PORT MORESBY, Papua New Guinea (PNG Post-Courier, Sept. 30, 2013) – One of the major betelnut cultivating villages in Papua New Guinea’s Central Province, Mekeo, has petitioned National Capital District (NCD) Governor Powes Parkop to reconsider his proposed ban on betelnut starting tomorrow.

Mr. Parkop went to Aipeana village in Mekeo last Friday to receive the petition made by the people to rescind his decision or provide better alternative for the people of Central and Gulf to continue on their trade of betelnut.

They wanted Mr. Parkop to allow the people of Central and Gulf to transport their betelnut to other regions like in the Highlands through air transport as well as by road and sea and are asking the governor to provide security as their main concern on the proposed venues set for the betelnut trade.
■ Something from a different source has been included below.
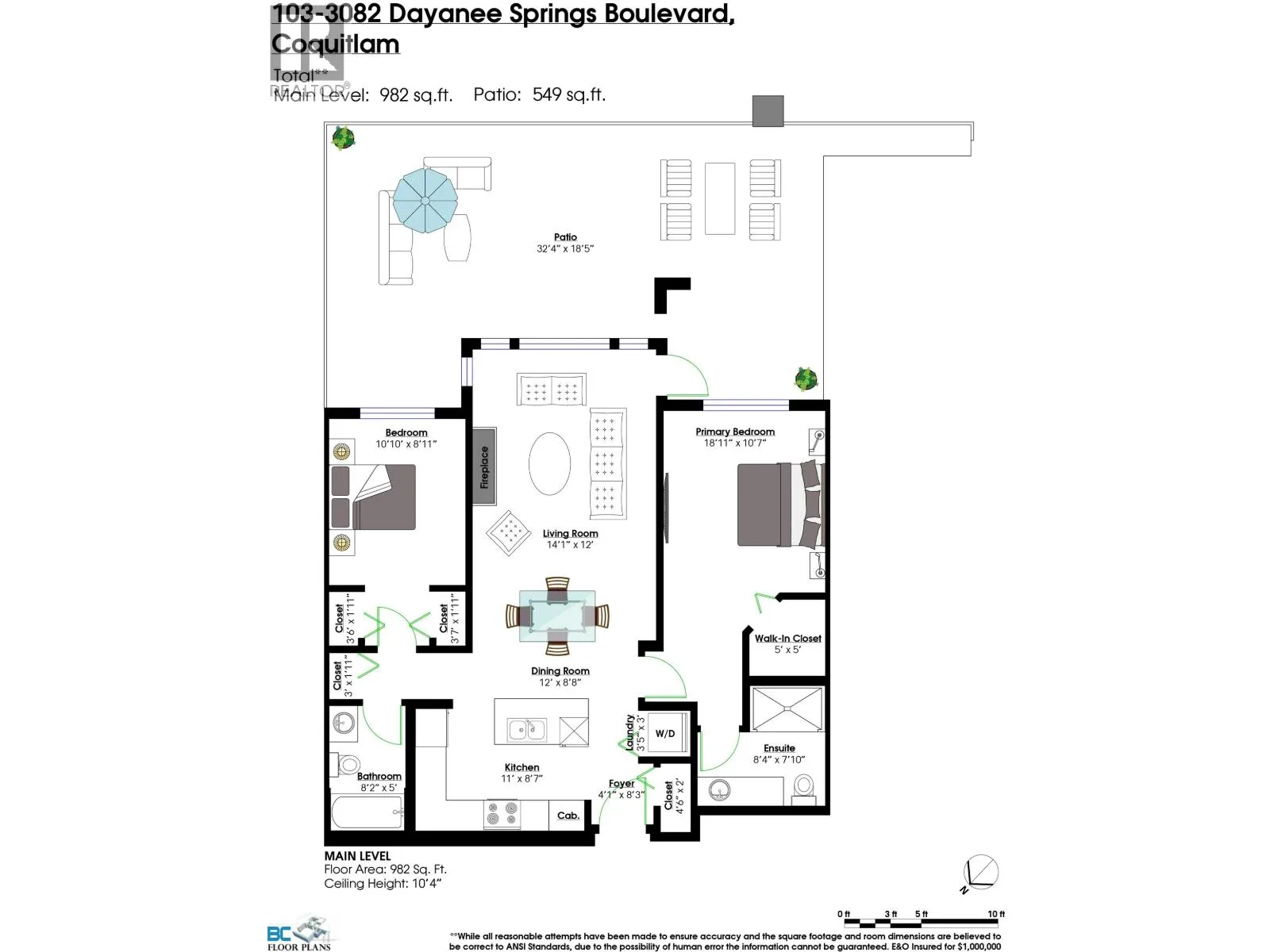 Spacious 2 bed-room apartment unit( 982 sf) with high ceiling( 10'4") and a big patio (549 sf). The unit is just newly painted and in a move in condition. Within walkable distance to Douglas College, schools, bus stops ,town Centre Park and sky train station. Enjoy a 7,500 sf Timbers Club house featuring resort-style outdoor pool, fitness room and recreation facilities. (id:27476)

"We do support you on the betelnut ban but it is not the people of Central (Mekeo) doing that. We depend on buai and that doesn’t mean Mekeo people are lazy," said Paul Aisa, a Aiepeana villager.

"I think the problem is other people from the other regions that have settled in Port Moresby are doing that. For us, it has been a long standing in our culture and tradition and it will be difficult for us to stop. But my good governor if you can allow us to trade or provide alternative venues for us, we will be happy."

"The place you are setting up now at Rubirogo is you are giving the Mekeo people to the dogs and pigs.

"Find a better place for us to trade our buai and it is the demand of the 30,000 people of Mekeo. We want you to stop the ban or delay the ban."

But Parkop has stood firm in his decision to ban betelnut considering avenues for the people in Central and Gulf Provinces on some alternatives.

One of the alternatives was to allow the Central and Gulf people to continue with their betelnut trade but they must have betelnut permits, a law that will be passed by the NCD Commission soon.

"There are some decisions that are hard to make but has to be made for the collective benefit of our people and this is one such decision. If there was an easy way and other better option, I would have taken that but unfortunately there is no other or easier option," Mr. Parkop said.

"I believe the option we are taking would naturally be resisted by some sectors of the public but if allowed, they would realise that it can work so I call on you people to allow me to go ahead with this proposals to relocate the sale of betelnut outside the city. Those who are opposing the decision to mobilise their money to engage lawyers to take me to court will only benefit the lawyers.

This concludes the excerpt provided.